--- DATA PROVIDED Enclosed Below ---
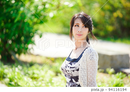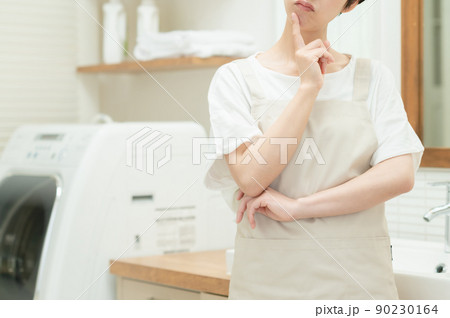 一位穿著圍裙的年輕家庭主婦,帶著洗衣籃做家務
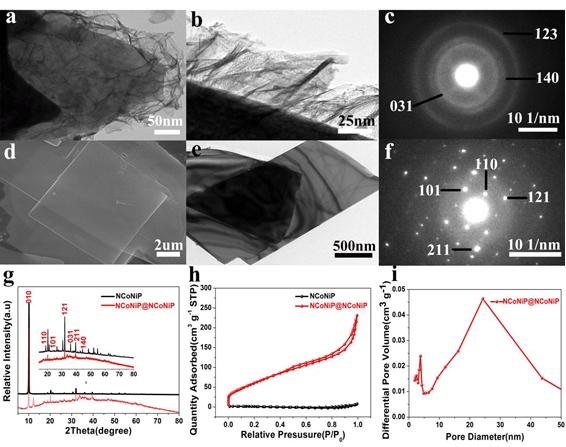 圖2 (a-b)NCoNiP@NCoNiP核殼結構的TEM圖;(c)為NCoNiP@NCoNiP核殼結構的SAED圖;(d-e)圖為NCoNiP的TEM 圖; (f) NCoNiP結構的SAED圖;(g)NCoNiP@NCoNiP和NCoNiP 的XRD圖;(h)NCoNiP@NCoNiP and NcoNiP的N2吸脫附曲線;(i)NCoNiP@NCoNiP 的孔徑分布圖。
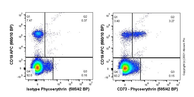 Rabbit Recombinant Monoclonal CD73 antibody - conjugated to PE. Suitable for Flow Cyt and reacts with Human samples. Cited in 2 publications.
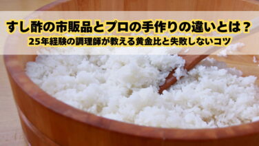 ソース&タレすし酢の市販品とプロの手作りの違いとは?25年経験の調理師が教える黄金比と失敗しないコツ 炊きたてのご飯と混ぜる桶にご飯を入れ、寿司酢を入れる(まんべんなく行きわたるように)ご飯を切るように素早く混ぜる(混ぜすぎるとご飯に粘りが出るので注意する)うちわなどで仰ぐ(時々、上下を入れ替える) 2026.04.05よくわかるレシピソース&タレ
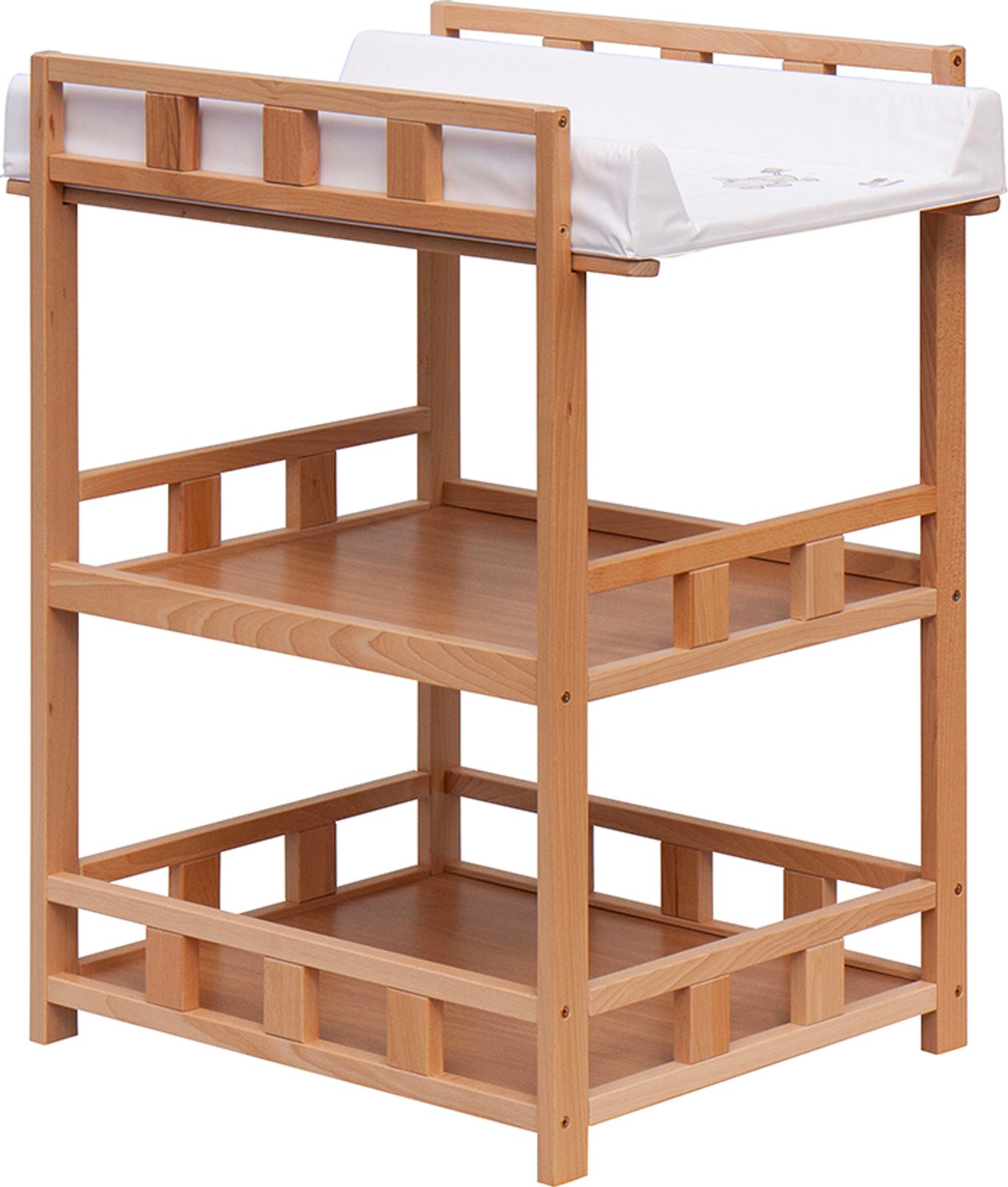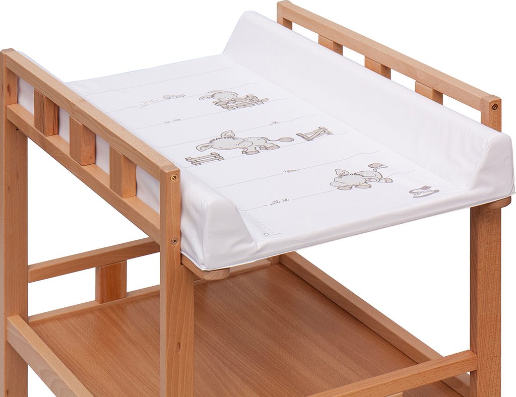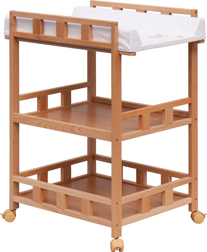 Praktický přebalovací pult se dvěmi policemi z HDF desky. Vrchní přebalovací pult z polyuretanu potažený omyvatelným PVC, vyztužený MDF deskou.
--- End of Enclosed DATA PROVIDED ---
#### [TASK DESCRIPTION]
Each record above needs to be retyped exactly, without any pictures.

#### [EXERCISE ANSWER]
 一位穿著圍裙的年輕家庭主婦,帶著洗衣籃做家務
 圖2 (a-b)NCoNiP@NCoNiP核殼結構的TEM圖;(c)為NCoNiP@NCoNiP核殼結構的SAED圖;(d-e)圖為NCoNiP的TEM 圖; (f) NCoNiP結構的SAED圖;(g)NCoNiP@NCoNiP和NCoNiP 的XRD圖;(h)NCoNiP@NCoNiP and NcoNiP的N2吸脫附曲線;(i)NCoNiP@NCoNiP 的孔徑分布圖。
 Rabbit Recombinant Monoclonal CD73 antibody - conjugated to PE. Suitable for Flow Cyt and reacts with Human samples. Cited in 2 publications.
 ソース&タレすし酢の市販品とプロの手作りの違いとは?25年経験の調理師が教える黄金比と失敗しないコツ 炊きたてのご飯と混ぜる桶にご飯を入れ、寿司酢を入れる(まんべんなく行きわたるように)ご飯を切るように素早く混ぜる(混ぜすぎるとご飯に粘りが出るので注意する)うちわなどで仰ぐ(時々、上下を入れ替える) 2026.04.05よくわかるレシピソース&タレ
 Praktický přebalovací pult se dvěmi policemi z HDF desky. Vrchní přebalovací pult z polyuretanu potažený omyvatelným PVC, vyztužený MDF deskou.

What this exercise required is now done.